Hi all,
I am new to Julia and did the following setup with DistributedArrays:
julia -p 2
julia> @everywhere using DistributedArrays
julia> nx = 6;
julia> A = zeros(nx-1);
julia> B = (1:nx).^2.0;
julia> A = distribute(A)
5-element DArray{Float64,1,Array{Float64,1}}:
0.0
0.0
0.0
0.0
0.0
julia> B = distribute(B)
6-element DArray{Float64,1,Array{Float64,1}}:
1.0
4.0
9.0
16.0
25.0
36.0
Then I run:
julia> A .= B[2:end] - B[1:end-1]
5-element DArray{Float64,1,Array{Float64,1}}:
3.0
5.0
7.0
9.0
11.0
As you can see, it works. However, it is extremely slow (I tried it with large arrays, i.e. a large nx
). This means it does unnecessary allocation(s) and/or data transfer.
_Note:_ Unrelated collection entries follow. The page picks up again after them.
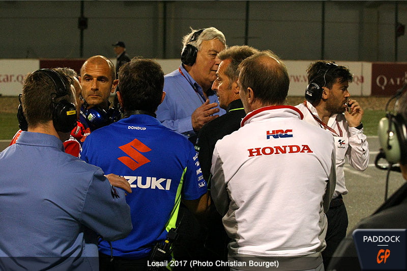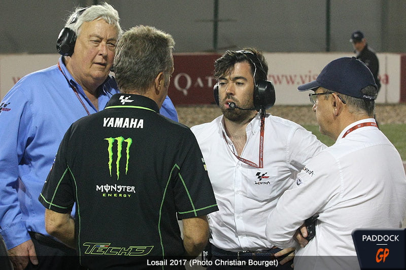 « Depuis qu’il y a la catégorie MotoGP, ce comité est maintenant composé de tous les teams managers de la catégorie MotoGP, que ce soit Factory ou indépendant, plus deux team managers de Moto2 et un ou deux team managers de Moto3. Il y a également Geoff Dixon le paddock manager, Danny Aldridge le directeur technique, Mike Webb le directeur de course, Carlos Ezpeleta qui représente la Dorna, un représentant Michelin et un représentant Dunlop. Aujourd’hui, ce comité n’est donc plus totalement élu par l’assemblée générale, puisque les élections ne concernent plus que les représentants des Moto2 et Moto3. »
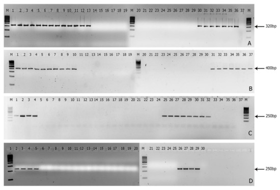 Development of molecular markers for the specific detection of Foc races; (A): amplicons of FocR1F/FocR1R primer set for Foc R1; (B): amplicons of FocR4F/FocR4R primer set for Foc R4; (C): amplicons of FocTR4F/FocTR4R primer set for Foc TR4; and (D): amplicons of FocSTR4F/FocSTR4R primer set for Foc STR4. For A: M: Marker; Lane 1–13: Foc R1 VCGs; Lane 14–20: Foc VCGs of TR4 and STR4 (VCG 01213, 01216, 01213/16, 0120, 0121, 0129, and 01211); Lane 21: Pseudocercospora eumusae; Lane 22: Colletotrichum musae; Lane 23: Klebsiella variicola; Lane 24–28: Nonpathogenic Fusarium oxysporum (npFo) isolates; Lane 29: Fusarium solani; and Lane 30–36; Foc VCGs of Race 1 (VCGs 0124, 01220, 0125, 0124/5, 0123, 0126 and 01210; and Lane 37; no template control. For B: M: Marker; Lane 1–10: Foc race 4 isolates (both TR4 and STR4); Lane 11–17: Foc VCGs of R1 (VCG0124, 01220, 0125, 0124/5, 0123, 0126 and 01210); Lane 18–22: npFo isolates; Lane 23: Pseudocercospora eumusae; Lane 24: Colletotrichum musae; Lane 25: Klebsiella varicola; Lane 26: Fusarium solani; Lane 27–30: no template control; Lane 31–37: Foc R4 VCGs (01213, 01216, 01213/16, 0120, 0121, 0129 and 01211); For C: M: Marker; Lane 1–4: Foc VCG 01213, 01216, 01213 and 01213/16; Lane 5–12: Foc R1 and STR4 VCGs (VCG 0124, 01220, 0125, 0124/5, 0123, 0126 and 01210 and 0120); Lane 13–17: npFo isolates; Lane 18: F. solani; Lane 19: Pseudocercospora eumusae; Lane 20: Colletotrichum musae; Lane 21: Klebsiella variicola; Lane 22 and 23 npFo isolates Lane 24–32; Foc TR4 isolates; Lane 33–36: Foc isolates of R1 and STR4; and Lane 37: no template control. For D: Lane 1: Marker; Lane 2–5: Foc STR4 isolates; Lane 6–16: Foc VCGs of TR4 and R1 (VCG01213, 01216, 01213/16, 0124, 01220, 0125, 0124/5, 0123, 0126, 01210 and 0128); Lane 17–20; npFo isolates; Lane 21: Fusarium solani; Lane 22: Pseudocercospora eumusae; Lane 23: Colletotrichum musae; Lane 24: Klebsiella varicola; Lane 25–28: Foc VCGs of STR4 (0120, 0121, 0129 and 01211); and Lane 29–30: no template control.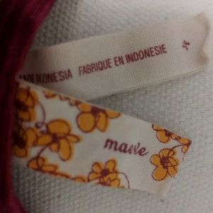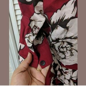 Anthropologie Maeve Womens Sz 4 Half Button up Side zip Up Burgundy floral dress.

Ideally, it should not do any allocation in this statement (as A
is pre-allocated) and the workers should only fetch one value from each neighboring workers’ local array boundary.
I also tried to do the element-wise subtraction explicitly with the broadcast operator .-
to see if this changes anything, but it failed:
julia> A .= B[2:end] .- B[1:end-1]
ERROR: MethodError: no method matching SubArray{Float64,1,DArray{Float64,1,Array{Float64,1}},Tuple{UnitRange{Int64}},false}(::Array{Float64,1})
Closest candidates are:
SubArray{Float64,1,DArray{Float64,1,Array{Float64,1}},Tuple{UnitRange{Int64}},false}(::Any, ::Any, ::Any, ::Any) where {T, N, P, I, L} at subarray.jl:14
Stacktrace:
[1] empty_localpart(::Type, ::Int64, ::Type) at /users/omlins/.julia/dev/DistributedArrays/src/darray.jl:66
[2] macro expansion at ./task.jl:264 [inlined]
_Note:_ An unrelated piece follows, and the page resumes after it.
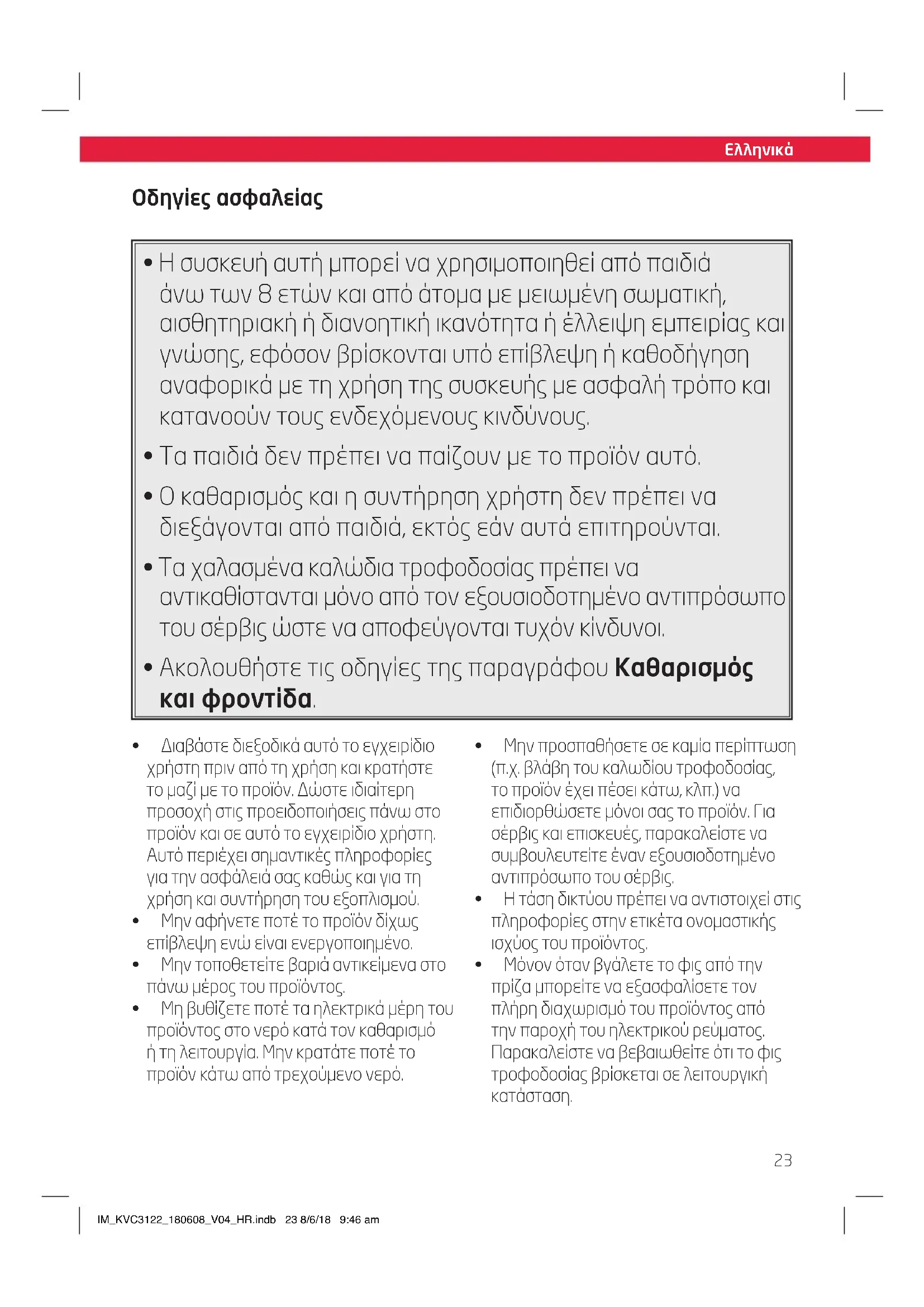 - Εξασφαλίστε ότι το καλώδιο παροχής ρεύματος δεν θα αποτελεί κίνδυνο να σκοντάψετε. IM_KVC3122_180608_V04_HR.indb 24 8/6/18 9:46 am25

[3] macro expansion at /users/omlins/.julia/dev/DistributedArrays/src/darray.jl:84 [inlined]
[4] macro expansion at ./task.jl:244 [inlined]
[5] DArray(::Tuple{Int64,Int64}, ::Function, ::Tuple{Int64}, ::Array{Int64,1}, ::Array{Tuple{UnitRange{Int64}},1}, ::Array{Array{Int64,1},1}) at /users/omlins/.julia/dev/DistributedArrays/src/darray.jl:82
[6] DArray(::Function, ::Tuple{Int64}, ::Array{Int64,1}, ::Array{Int64,1}) at /users/omlins/.julia/dev/DistributedArrays/src/darray.jl:169
[7] #distribute#69(::Array{Int64,1}, ::Array{Int64,1}, ::Function, ::SubArray{Float64,1,DArray{Float64,1,Array{Float64,1}},Tuple{UnitRange{Int64}},false}) at /users/omlins/.julia/dev/DistributedArrays/src/darray.jl:542
[8] distribute(::SubArray{Float64,1,DArray{Float64,1,Array{Float64,1}},Tuple{UnitRange{Int64}},false}) at /users/omlins/.julia/dev/DistributedArrays/src/darray.jl:535
[9] _bcdistribute at /users/omlins/.julia/dev/DistributedArrays/src/broadcast.jl:119 [inlined]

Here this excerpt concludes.